Somya and Kapil enlist the help of an attorney friend named Manoj Bhagel (played by Himanshu Kohli) to help them with this divorce scheme. Manoj knows that Somya and Kapil are faking their breakup in order to get a house. The divorce paperwork is filed and the plan is set in motion. One of the movie’s big plot holes is that Manoj represents both Somya and Kapil in divorce court. Manoj is hyper, scatterbrained, and nothing but a buffoonish character.

The first time that Kapil and Somya appear before the judge (played by Atul Tiwari) who’s overseeing their divorce case, the judge is skeptical that the marriage needs to end. It just leads to Somya and Kapil going overboard in trying to convince everyone around them that they are a feuding former couple who should definitely get divorced. Kapil and Somya have over-the-top arguments. They also hire a woman named Mehjabeen (played by Srishti Ganguli Rindani) to pretend to be Kapil’s mistress, so that Somya can claim adultery as a reason for the divorce.

Even after Kapil and Somya get divorced, there are still obstacles to them getting the house. And then, the inevitable happens: Kapil and Somya start arguing for real. You know where this is going and how the movie is going to end. But the problem is that “Zara Hatke Zara Bachke” makes everything so boring to watch. The movie’s very thin plot is stretched and padded out to a very bloated running time of 132 minutes. “Zara Hatke Zara Bachke” also has an annoying sitcom-like musical score that is very intrusive and just makes the low-quality scenes even tackier.

It also doesn’t help that the couple at the center of “Zara Hatke Zara Bachke” isn’t as charming as the filmmakers want viewers to believe. Somya is a horrendous teacher who berates, physically smacks, and degrades a young adult male student named Neeraj (played by Gourav Jariya), just because he was doodling a love note to someone in his notebook instead of taking notes from Somya’s lecture.

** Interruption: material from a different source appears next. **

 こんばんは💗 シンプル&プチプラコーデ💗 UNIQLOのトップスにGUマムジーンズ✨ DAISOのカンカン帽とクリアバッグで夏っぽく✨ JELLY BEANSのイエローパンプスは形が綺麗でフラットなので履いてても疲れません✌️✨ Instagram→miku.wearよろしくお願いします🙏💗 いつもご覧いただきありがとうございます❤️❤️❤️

Neeraj has green-tinted hair. When Somya makes Neeraj the target of her wrath, she basically says that he won’t get any love with a face and hair like that, which is her way of calling him ugly. And when she smacks him, it crosses the line into an assault. In many countries, a teacher who is this abusive would be fired, but in “Zara Hatke Zara Bachke,” it’s treated as perfectly normal, and Somya faces no consequences for her awful actions.

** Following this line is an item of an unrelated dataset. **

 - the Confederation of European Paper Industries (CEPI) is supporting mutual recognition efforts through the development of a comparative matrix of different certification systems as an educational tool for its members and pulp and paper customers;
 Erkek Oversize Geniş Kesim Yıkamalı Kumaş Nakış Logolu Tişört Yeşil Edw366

Meanwhile, Kapil is kind of a wimp when it comes to standing up to his parents. His father Ved Prakash Dubey (played by Akash Khurana) rules the household with a domineering force, while Kapil’s mother Mamta Dubey (played by Anubha Fatehpuria) openly makes disdainful remarks about Somya’s Punjabi heritage. Adding to some of the family tension, Kapil is Hindu, while Somya is Muslim.

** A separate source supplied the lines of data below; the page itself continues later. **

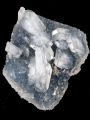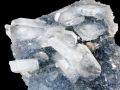 Aparece cristalizada en oquedades de rocas basálticas en un proceso hidrotermal posteior al volcánico o en grietas de rocas graníticas. La apofilita, y en concreto los ejemplares procedentes de la India, se ha hecho con un lugar destacado en las colecciones de minerales por sus hermosos cristales a veces de considerable tamaño, bellos colores y su magnífico brillo. En este ejemplar destacamos la combinación de los cristales de apofilita con la matriz de cuarzo azul. |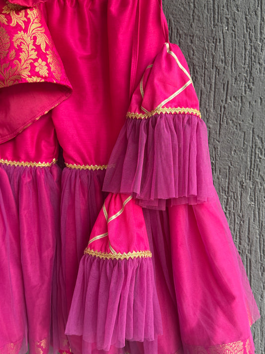 One off shoulder blouse with attached dupatta and chanderi Lehnga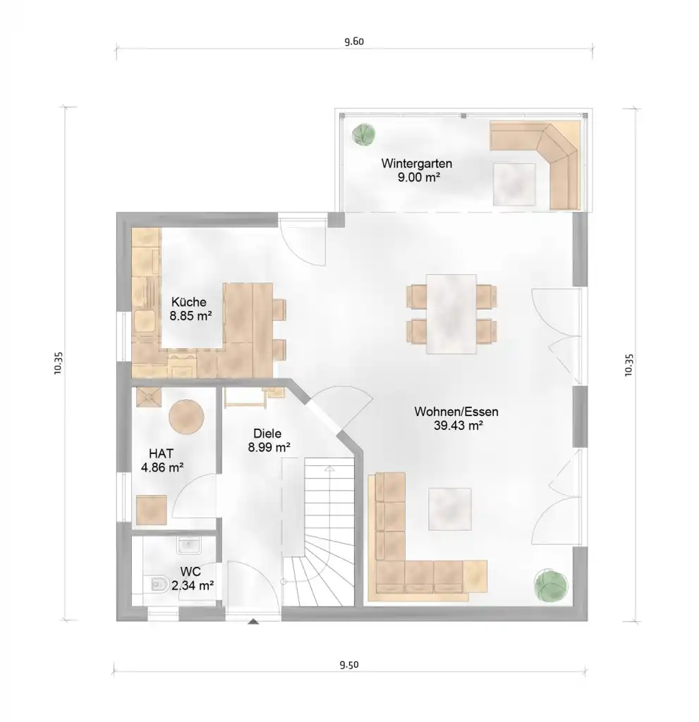 Klassische Architektur gepaart mit modernen Stilelementen lässt Ihr neues Traumhaus zum Hingucker werden. Die funktionellen Grundrisse im Erd- und Dachgeschoss runden dabei das Gesamtpaket auf 123 m² Wohnfläche ab. Im Erdgeschoss befindet sich ein großzügiges Wohnzimmer mit Blick auf den Wintergarten. Dieser lädt zum träumen ein. Im Obergeschoss befinden sich zwei Kinderzimmer, die wahlweise auch als Arbeitszimmer genutzt werden können, sowie ein großes Bad und das Schlafzimmer. Dabei können die Grundrisse natürlich noch variabel an Ihre Wünsche und Bedürfnisse angepasst werden. Ob vier oder fünf Zimmervariante, klassische Grundrissvariationen oder modernes offenes Wohnen.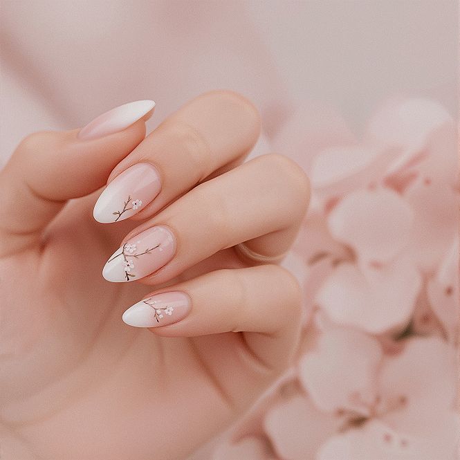 #1 Elegant Ombre Almond Nails: March Spring Floral Designs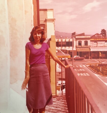 Kathryn Drury on her work balcony at the Christchurch stock exchange on Oxford Terrace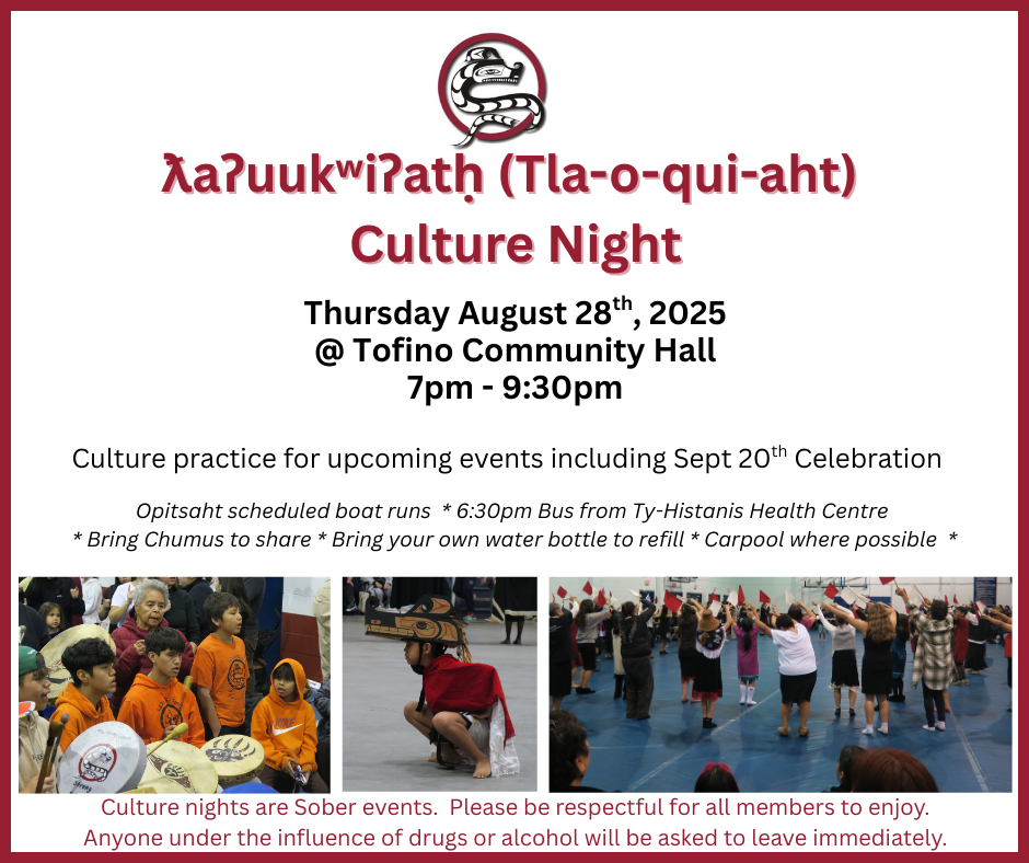 Tla-o-qui-aht First Nations August 28, 2025 Culture Practice Thurs Aug 28, 2025 Tla-o-qui-aht First Nations August 28, 2025

Other people in the household are Kapil’s uncle Purushottam “Puru” Mama (played by Neeraj Sood), who is Mamta’s brother; Puru’s wife Deepa Mami (played by Kanupriya Shankar Pandit); and Puru and Deepa’s precocious son, who’s about 7 or 8 years old. This child figures out long before most of the adults that Kapil and Somya are faking their breakup. And it should come as no surprise that Somya’s father Harcharan Chawla (played by Rakesh Bedi) and Somya’s mother Roshni Chawla (played by Sushmita Mukherjee) show up and insert themselves into the divorce drama.

A cliché-ridden movie about an argumentative gathering of family member wouldn’t be complete without someone in the clan going through a medical crisis. The mediocre performances in “Zara Hatke Zara Bachke” don’t do anything up uplift the very formulaic and often annoying way that this movie was written and directed. The scenes in “Zara Hatke Zara Bachke” are just like mush piled on top of each mush, adding up to almost nothing of substance.

Maddock Films released “Zara Hatke Zara Bachke” in select U.S. cinemas and in India on June 2, 2023.